_TASK BRIEF_: Your copy should begin at the line containing "Заклепочник ручной, 260" and end at the last line of the records; transcribe those lines exactly and leave out every picture.

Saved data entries
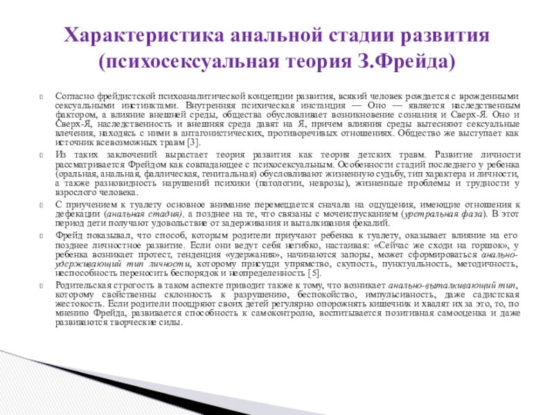 Характеристика анальной стадии развития (психосексуальная теория З.Фрейда)
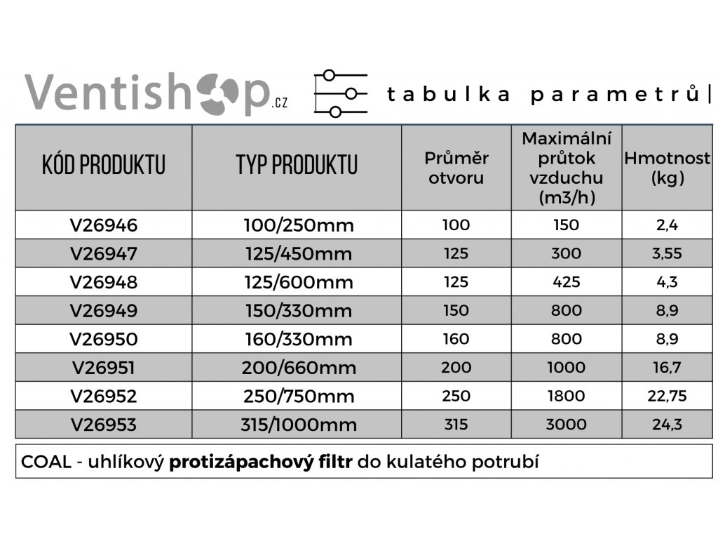 Filtr s aktivním uhlím do kulatého potrubí. Účinně eliminuje zápach z domácích i průmyslových prostor. Vhodný do potrubí o průměru 100 mm. Filtr je možné použít ve vzduchovodu s max. průtokem vzduchu 150 m3/h. Díky působení aktivního uhlí jednoduše odfiltruje pach ze vzduchu, který skrze něj prochází. Díky těmto vlastnostem je vhodný do restauračních kuchyní, kiosků, pěstebních stanů, ale také průmyslových prostor - lakoven, nemocnic a dalších prostor, v nichž je potřeba pach filtrovat.
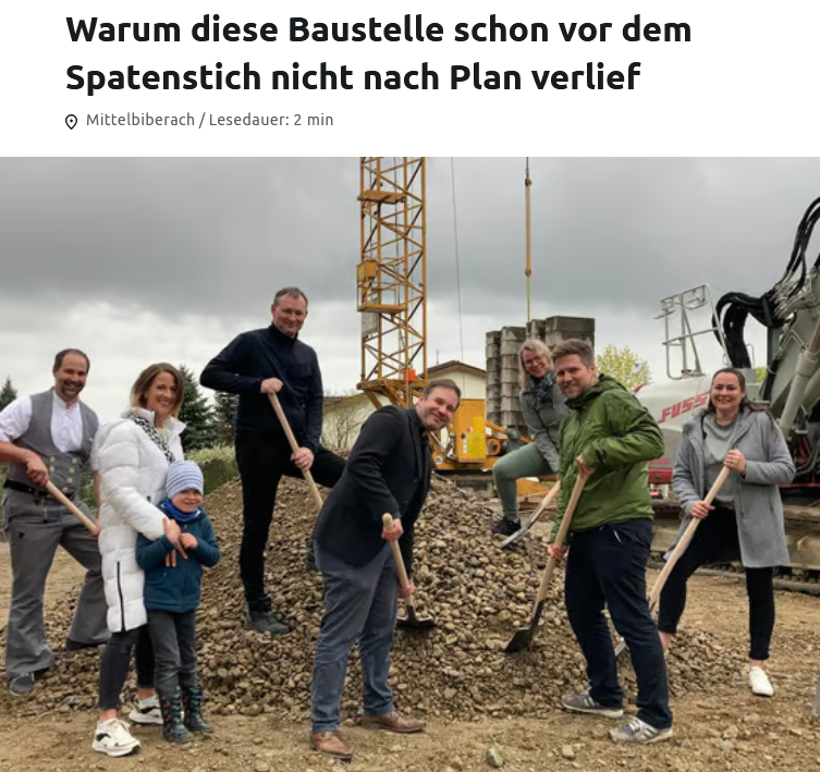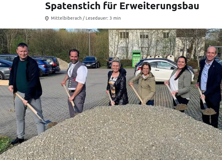 Ein Großprojekt ist gestartet: Mit dem Spatenstich beginnt offiziell die Bauphase für den neuen Kindergarten in Mittelbiberach. Gegenüber der Grundschule soll das moderne Gebäude mit viel Holz entstehen und später Platz
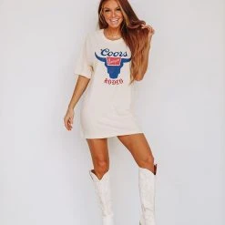 HAZEL & OLIVE Coors Banquet Graphic Tee / T-shirt Dress – Cream
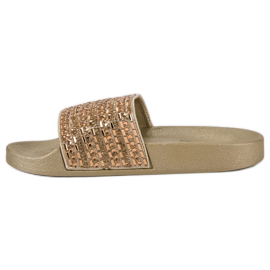 Aus hochwertigem Gummi gefertigt, sind sie leicht und flexibel, wodurch sie sich perfekt an den Fuß anpassen. Die goldene Farbe verleiht ihnen einen phänomenalen Glanz und zusätzliche Strasssteine betonen ihren einzigartigen Charakter und machen sie zu einem definitiven Element jedes Sommer-Stylings.
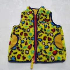 キルティングデザインの中綿リバーシブルベスト、グリーンとイエローの配色が特徴。
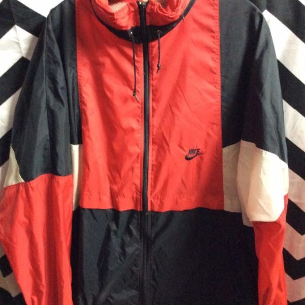 Nike windbreaker jacket, zip-up, Jordan colors, color block design, gray tag, red/white/black, size XL as is
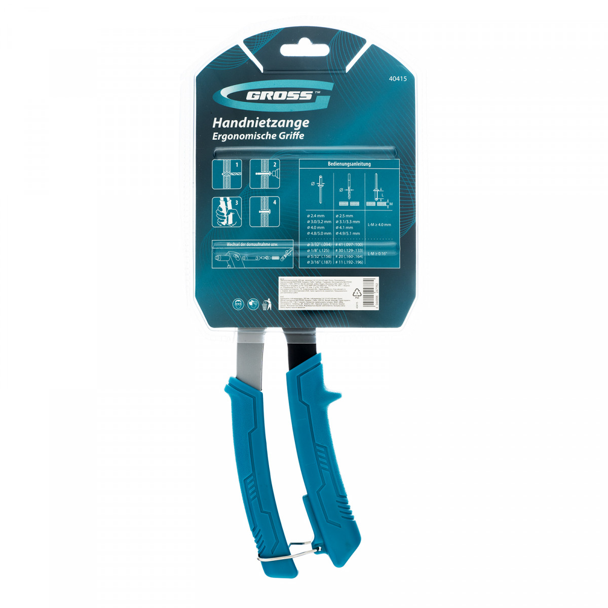 Заклепочник ручной, 260 мм, заклепки 2,4-3,2-4,0-4,8 мм Gross
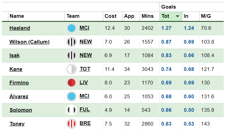Furthermore, over the whole season, Wilson and Isak rank second and third for points per 90, goals per 90 and minutes per goal, beaten by Erling Haaland (£12.4m) each time.

_EXERCISE SOLUTION_:
 Заклепочник ручной, 260 мм, заклепки 2,4-3,2-4,0-4,8 мм Gross
Furthermore, over the whole season, Wilson and Isak rank second and third for points per 90, goals per 90 and minutes per goal, beaten by Erling Haaland (£12.4m) each time.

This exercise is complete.